Extended periods of keyboard use can lead to aching wrists and even long-term injuries. Keyboard wrist rests are designed to encourage correct wrist alignment by allowing the user’s hands to be supported above the keyboard. This improves comfort and can help prevent future problems.

Mouse wrist rest

Extended periods of mouse use can also lead to aching wrists and even long-term injuries. Mouse wrist rests are designed to encourage correct wrist alignment during by allowing the user’s hands to be supported above the mouse. This improves comfort and can help prevent future problems.

Palm support

Palm supports are designed to encourage correct wrist alignment during extended mouse use. The support glides with the mouse and encourages natural movement while relieving wrist pressure.

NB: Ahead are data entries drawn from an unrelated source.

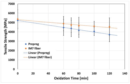 Samples of ~76 mm long prepreg and virgin fiber were also subjected to the optimized thermal cycle, as mentioned earlier. The long fibers recovered from the prepreg and the virgin fiber material after recycling underwent testing to assess fiber strength, which was then compared to the strength properties of virgin fiber. The results are summarized in Table 3, and the degradation trend is depicted in Figure 7. The strength of the virgin fiber (5400 MPa ± 1000 MPa) fell within one standard deviation of the Hexcel datasheet values for IM7 fiber at 5516 MPa. While the fibers did not degrade after the pyrolysis step, exposure to air during the oxidation step significantly reduced their strength. At an oxidation time of 120 min, the fiber strength of the recovered virgin and prepreg fiber material decreased to 4550 MPa ± 954 MPa and 3715 MPa ± 762 MPa, respectively. This represents an 18% and 33% reduction in fiber strength compared to the virgin material. Both materials exhibit a decreasing trend in tensile strength with increasing oxidation time. However, the slope of the degradation trend suggests that fibers in prepreg degrade at a faster rate compared to virgin IM7 fibers. This is evident from the steeper downward slope of the linear trend line for prepreg fibers. Notably, the virgin material exhibited higher strength numbers compared to the fiber material recovered from the prepreg. This discrepancy can be understood by considering carbon fibers as chains, where high temperatures induce chain breakage, resulting in a drastic reduction in strength. In virgin fibers, these are clean chains unaffected by external sources such as surface effects or resin residues. Conversely, in recycled fibers, the resin residue on the fiber surface may act as a weak link in the chain, inducing stresses at specific locations on the fiber surface. At increasing loads, this weak link breaks first, facilitating the propagation of breaks throughout the chain more easily compared to virgin fiber due to localized stress concentrations. Essentially, the resin residue accelerates chain breakage. Similar studies on the impact of surface defects on fiber degradation have been explored [,,,]. Additional studies are needed to explain the mechanisms in detail and will be the focus of additional studies.
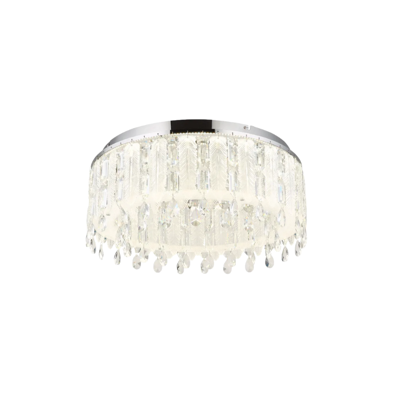 - Plafoniera metallo cromato, cristalli K5 trasparente, cristalli di vetro trasparente, Dimmerabile, Molteplici passaggi tramite interruttore a muro, Colore selezionabile, Funzione di memoria, Luce notturna, Telecomando, Batteria inclusa 2x AAA
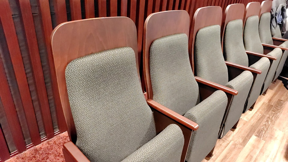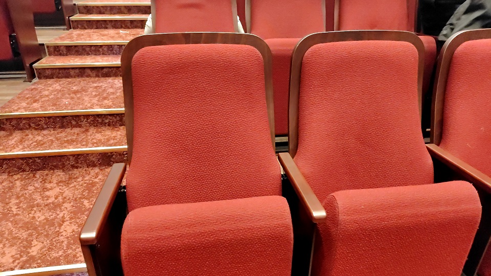 座席は1階席とバルコニー席が赤い座面・背もたれ、2階席が薄緑色の座面・背もたれのハイバックタイプで、それぞれ木製のひじ掛けと基礎との組み合わせです。座面のクッションは最近多くみられる比較的薄めで、少し硬めの疲れにくいタイプのものです。

7. How can different input devices help?

There are many specialist input devices to help people achieve an optimal workstation setup. These are summarised below. For more details, see our information sheet on Keyboard and mouse alternatives.

Vertical mouse

A vertical mouse helps to eliminate forearm twisting by supporting the user’s hand in an upright neutral posture, and encouraging whole arm movement.

Bar mouse

A bar mouse is a pointing device where the user moves a bar in order to move the cursor.  The bar can be moved with any finger/s or either hand, and can be pressed to perform the left mouse click.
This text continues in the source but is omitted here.